After encountering Lovecraft's cosmicising of horror, it was difficult for me to see where the genre had left to go - whether it was in fact possible to out-Lovecraft Lovecraft. Ligotti proved to me that this was, indeed, possible via the uncompromising extremity - the purity - of his view; added to which the manner that he personalises the abstractions of Lovecraft's nihilism in a very psychologised and Poesque manner make them all the more papable and visceral.

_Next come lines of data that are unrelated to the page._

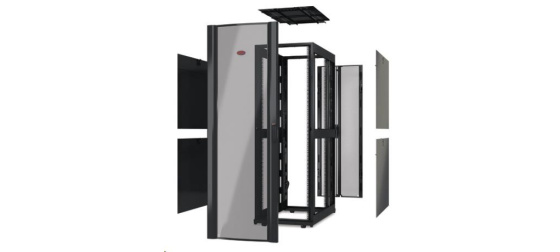 Vysoká a široká skříň s prostorem 48U pro přídavná zařízení a s možnostmi rozšířené správy kabelů pro servery s vysokou hustotou napájení a síťové komponenty.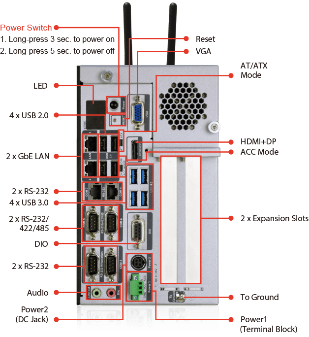 Komputer posiada dwa szerokozakresowe złącza zasilania 9V - 36V DC (DC jack i terminal block) oraz może pracować w zakresie temperatur: -20°C ~ 35°C.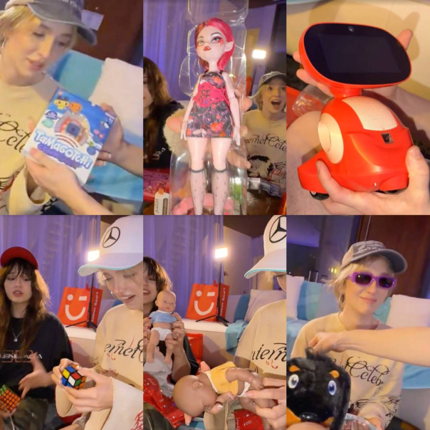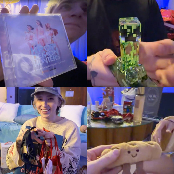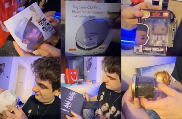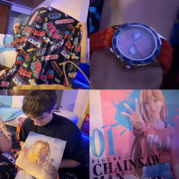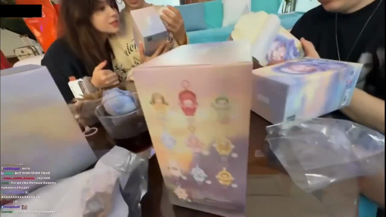 Сначала ребята распаковывали рандом-боксы от PopMart и Miniso — Рома достал самых желаемых кукол из коллекции SkullPanda. Затем они перешли к основным подаркам. Вадим подарил Наташе: поющую собаку, тамагочи, робота-компаньона и сумку Goyard. Даше: «трендовую игрушку», куклу, сумку Hermes и кроссовки. Рома подарил Наташе и Даше: кепки с логотипами автомобилей, кубик Рубика, пупсов и очки, а также Даше сумку Goyard. Вадиму: форму Роналду с автографом. Даша подарила Вадиму: плед в стиле «Тачек», часы в стилистике «Человека-паука», винил Трэвиса Скотта и фигурку из «Человека-бензопилы». Роме: крипера Swarovski и диск с K-pop музыкой. Наташе: нижнее белье, книгу Dior и брелок-батон. Наташа подарила Вадиму: тарелку (которая напомнила ему о нём), калькулятор, виниловую пластинку и банку чёрной икры. Роме: набор музыкальных дисков с плеером, Funko Pop-фигурку по «Очень странным делам», массажный ролик. Даше: приятные мелочи и косметику. В завершение ребята поужинали и продегустировали острые добавки. |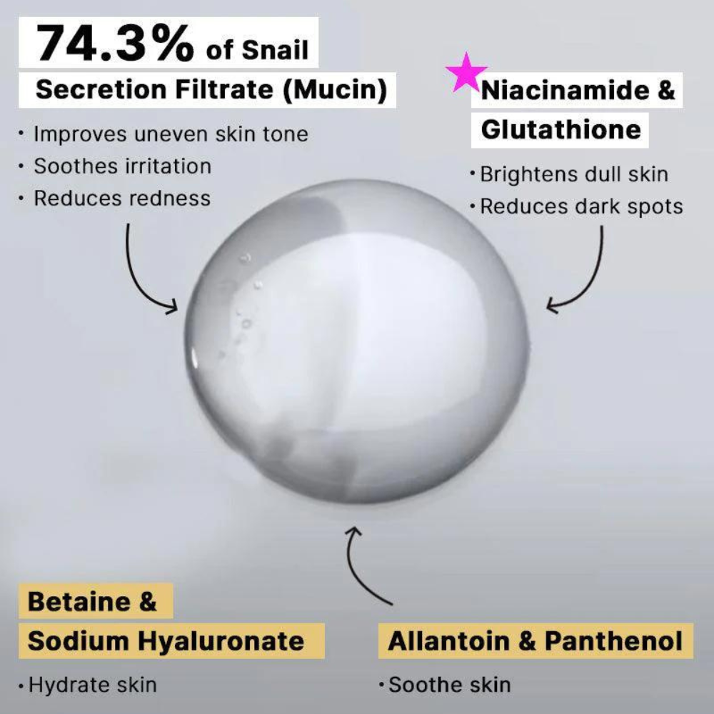 Snail Secretion Filtrate, Butylene Glycol, Niacinamide, 1,2-Hexanediol, Betaine, Panthenol, Water, Glycerin, Limnanthes Alba (Meadowfoam) Seed Oil, Helianthus Annuus (Sunflower) Seed Oil, Allantoin, Carbomer, Macadamia Ternifolia Seed Oil, Sodium Polyacrylate, Sodium Hyaluronate, Inulin Lauryl Carbamate, Arginine, Argania Spinosa Kernel Oil, Xanthan Gum, Sodium Surfactin, Ethylhexylglycerin, Glutathione.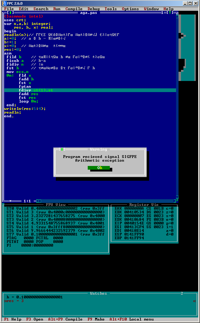 var n,a,b: integer; почему происходит деление на ноль? я же прибавляю перед делением h fld x |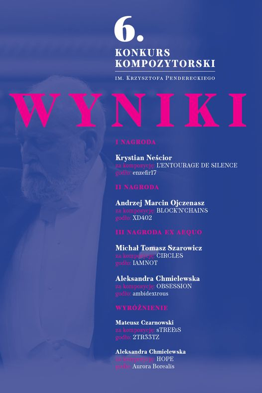Student III roku studiów pierwszego stopnia z klasy kompozycji prof. dra hab. Marcela Chyrzyńskiego oraz I roku studiów pierwszego stopnia kierunku edukacja artystyczna w zakresie sztuki muzycznej z klasy dyrygowania dr Joanny Wójtowicz otrzymał II nagrodę w 6. Konkursie Kompozytorskim im. Krzysztofa Pendereckiego w Sopocie, 23 maja 2021 r. za kompozycję BLOCK’N’CHAINS na orkiestrę smyczkową.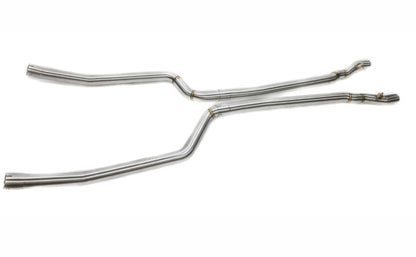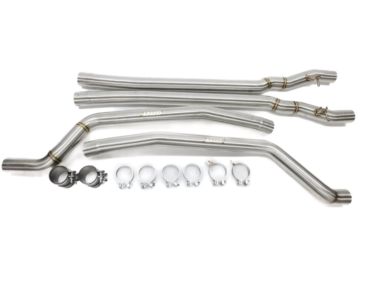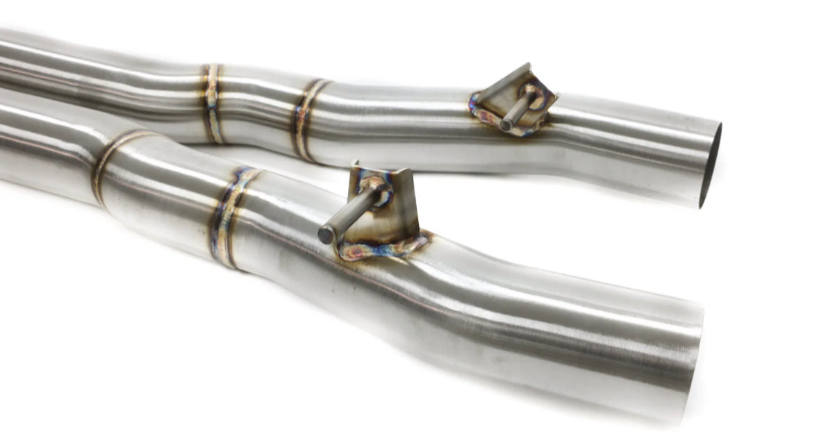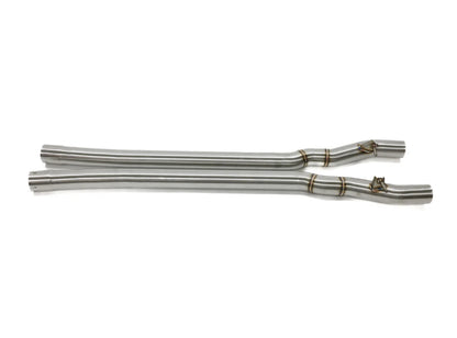 The ARM N63 Midpipes are a full 2.75" system which connects to the OEM axle back section to retain the OEM valve controls and exhaust tips. The ARM N63 Midpipes are compatible with either the OEM N63 slip-fit downpipes or the ARM N63 Downpipes. If you have an original 2-Bolt style (Pre-2012) downpipes, you can convert to the slip-fit style connection by ordering the ARM N63 Downpipes and N63 Midpipes.
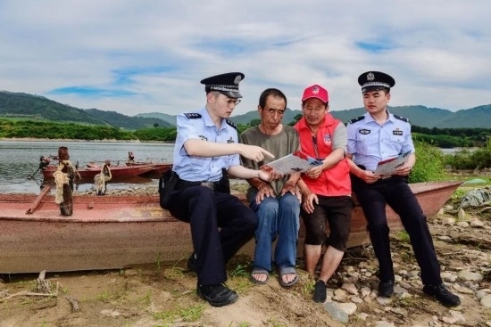 圖為移民管理警察王鐵映開(kāi)展?jié)O船民管理宣傳工作。

Returning to the matter of the criticisms levelled at him, Ligotti has been very upfront about the fact that his fiction expresses his own deep-seated anxieties and beliefs regarding the nature of the cosmos, leading to the subsequent accusation that he is effectively presenting his own mental illness as a fully-blown and intellectually coherent philosophy. Such a claim - especially coming ss it does from within the horror community - seems to me to be an expression of a kind of Satrean Bad Faith: that horror and horror writing should not give expression to the author's genuine convictions, thus implying that all the genre is really good for is offering a few cheap thrills. Now I'm pretty certain that this was not the intention behind said claim but, if anything, the fact that Ligotti's fiction is so terrifying to some readers that they simply cannot contemplate or conceive of the possibility that it might represent the genuine order of things, then that in itself is a huge testament to the power of his work. Some heads, indeed, are more haunted than others.